Source information:
================================
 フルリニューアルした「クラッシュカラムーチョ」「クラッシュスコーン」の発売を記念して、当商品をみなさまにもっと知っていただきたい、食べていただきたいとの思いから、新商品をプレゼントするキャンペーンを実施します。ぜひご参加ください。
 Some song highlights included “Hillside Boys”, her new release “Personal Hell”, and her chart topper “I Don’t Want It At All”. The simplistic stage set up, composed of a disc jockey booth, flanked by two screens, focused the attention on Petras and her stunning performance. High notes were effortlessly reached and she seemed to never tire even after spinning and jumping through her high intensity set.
================================
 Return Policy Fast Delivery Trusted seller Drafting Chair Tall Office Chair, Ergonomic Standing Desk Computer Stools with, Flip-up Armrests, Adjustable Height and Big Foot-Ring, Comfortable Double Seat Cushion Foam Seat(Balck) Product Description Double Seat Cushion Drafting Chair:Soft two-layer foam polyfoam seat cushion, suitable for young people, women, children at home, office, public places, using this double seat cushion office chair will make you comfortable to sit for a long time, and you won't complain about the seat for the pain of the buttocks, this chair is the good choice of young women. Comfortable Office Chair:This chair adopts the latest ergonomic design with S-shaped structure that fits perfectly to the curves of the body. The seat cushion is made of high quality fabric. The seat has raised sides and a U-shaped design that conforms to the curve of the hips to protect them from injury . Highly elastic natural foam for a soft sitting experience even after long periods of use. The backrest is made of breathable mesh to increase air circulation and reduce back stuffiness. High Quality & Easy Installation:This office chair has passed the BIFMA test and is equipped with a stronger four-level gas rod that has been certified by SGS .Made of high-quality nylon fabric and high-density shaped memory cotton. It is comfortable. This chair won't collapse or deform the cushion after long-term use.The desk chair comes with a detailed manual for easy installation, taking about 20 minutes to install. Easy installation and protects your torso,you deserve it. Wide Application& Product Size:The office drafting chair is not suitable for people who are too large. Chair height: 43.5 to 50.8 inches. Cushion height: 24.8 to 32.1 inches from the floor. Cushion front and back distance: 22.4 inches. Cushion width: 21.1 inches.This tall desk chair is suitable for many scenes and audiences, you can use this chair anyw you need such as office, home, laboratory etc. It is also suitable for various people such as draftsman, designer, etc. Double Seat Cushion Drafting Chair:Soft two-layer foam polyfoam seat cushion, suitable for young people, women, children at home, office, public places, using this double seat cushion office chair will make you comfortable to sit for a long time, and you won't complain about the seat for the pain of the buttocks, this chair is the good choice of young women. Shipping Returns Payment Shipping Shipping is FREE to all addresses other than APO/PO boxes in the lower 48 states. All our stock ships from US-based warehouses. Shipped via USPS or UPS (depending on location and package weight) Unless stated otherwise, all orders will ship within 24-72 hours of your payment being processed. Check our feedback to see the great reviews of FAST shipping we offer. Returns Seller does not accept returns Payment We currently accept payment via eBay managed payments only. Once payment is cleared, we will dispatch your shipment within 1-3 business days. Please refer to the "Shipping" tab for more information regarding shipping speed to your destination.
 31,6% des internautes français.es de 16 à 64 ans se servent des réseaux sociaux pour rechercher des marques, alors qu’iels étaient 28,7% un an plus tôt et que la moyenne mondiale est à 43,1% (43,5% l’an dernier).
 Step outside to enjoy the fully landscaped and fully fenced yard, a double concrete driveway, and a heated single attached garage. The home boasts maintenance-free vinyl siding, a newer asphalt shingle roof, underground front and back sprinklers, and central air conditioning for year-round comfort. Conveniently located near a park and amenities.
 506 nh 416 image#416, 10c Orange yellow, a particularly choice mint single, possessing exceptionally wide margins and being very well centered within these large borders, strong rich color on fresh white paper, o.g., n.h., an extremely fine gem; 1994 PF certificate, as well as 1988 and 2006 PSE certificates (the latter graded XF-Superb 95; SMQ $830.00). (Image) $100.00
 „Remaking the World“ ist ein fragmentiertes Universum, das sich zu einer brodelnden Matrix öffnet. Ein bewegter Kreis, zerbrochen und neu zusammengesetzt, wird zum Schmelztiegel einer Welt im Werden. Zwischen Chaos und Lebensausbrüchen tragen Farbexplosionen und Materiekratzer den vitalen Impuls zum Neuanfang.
================================
Task objective: Taking the records above, retype every line from the one with "フルリニューアルした「クラッ" down to the one with "Some song highlights", exactly and with nothing else.

Final answer:
 フルリニューアルした「クラッシュカラムーチョ」「クラッシュスコーン」の発売を記念して、当商品をみなさまにもっと知っていただきたい、食べていただきたいとの思いから、新商品をプレゼントするキャンペーンを実施します。ぜひご参加ください。
 Some song highlights included “Hillside Boys”, her new release “Personal Hell”, and her chart topper “I Don’t Want It At All”. The simplistic stage set up, composed of a disc jockey booth, flanked by two screens, focused the attention on Petras and her stunning performance. High notes were effortlessly reached and she seemed to never tire even after spinning and jumping through her high intensity set.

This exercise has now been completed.